Преподаватель Воробьева никогда за свою двадцатисемилетнюю жизнь не пробовала спиртного – детские воспоминания о папе-алкоголике отбили напрочь и подростковое любопытство, и юношескую тягу. Но сейчас, помимо своей воли, она пожала плечами:
– Давайте...
Мишка вдруг обрадовался:
– Щас. – И метнулся к Верке за стаканами.

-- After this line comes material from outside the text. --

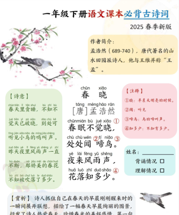 【高清电子版】一年级下册语文课本必背古诗词 不限 幼师酸奶 2025-03-04 一年级 资源下载下载价格1.6 下载币VIP免费升级VIP立即购买 本页为资源截图试看,VIP会员免费下载,同时VIP会员可以打包下载 阅读全文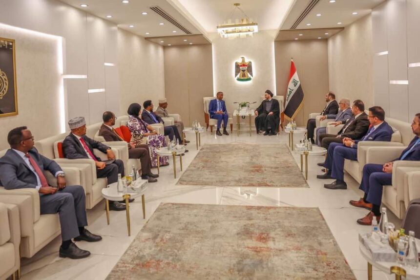 Baqdaad:-Ra’iisul Wasaaraha Xukuumadda Jamhuuriyadda Federaalka ee Soomaaliya, Mudane Xamsa Cabdi Barre, ayaa la kulmay Madaxa Dhadhaqaaqa Al-Xikma ee dalka Ciraaq, Sheekh Cammaar Al-Xakiim.

Пиво оказалось горьковатым, довольно противным, по сравнению с квасом или лимонадом, напитком. Все же Воробьева воспитанно тянула из стакана бурую жидкость. Мишка рассказывал:
– Сила есть – ума, как говорится, не надо. Разгрузишь пару вагонов – мы в бригаде, – можно жить. Москва денежек требует. Не будешь ведь в таком возрасте из матери тянуть.
– А вы откуда, Миша?
– Из Костромы. До армии техникум закончил приборостроительный, служил, вернулся – работать негде. В ларьке торговал сутками – скука. Первая учительница, Полина Даниловна, спички у меня покупала, так еле узнала. «Миша, – говорит, – что вы с собой сделали? Вам надо учиться, иначе вы деградируете». А я правда, – Мишка был, как всегда, откровенен, – если умственно не работаю хоть немного, дурак дураком становлюсь. Вот, поглядите, карточка в паспорте – меня как раз из школы тогда выгоняли за непосещаемость – дебил, правда? – Он раскрыл паспорт на странице с фотографией. Вероника Александровна никогда бы не угадала на этом снимке Мишку – тупое самодовольное лицо, пустые, бычьи глаза, обстрижен в кружок – стопроцентный типаж подростка с дурными наклонностями и животными страстями.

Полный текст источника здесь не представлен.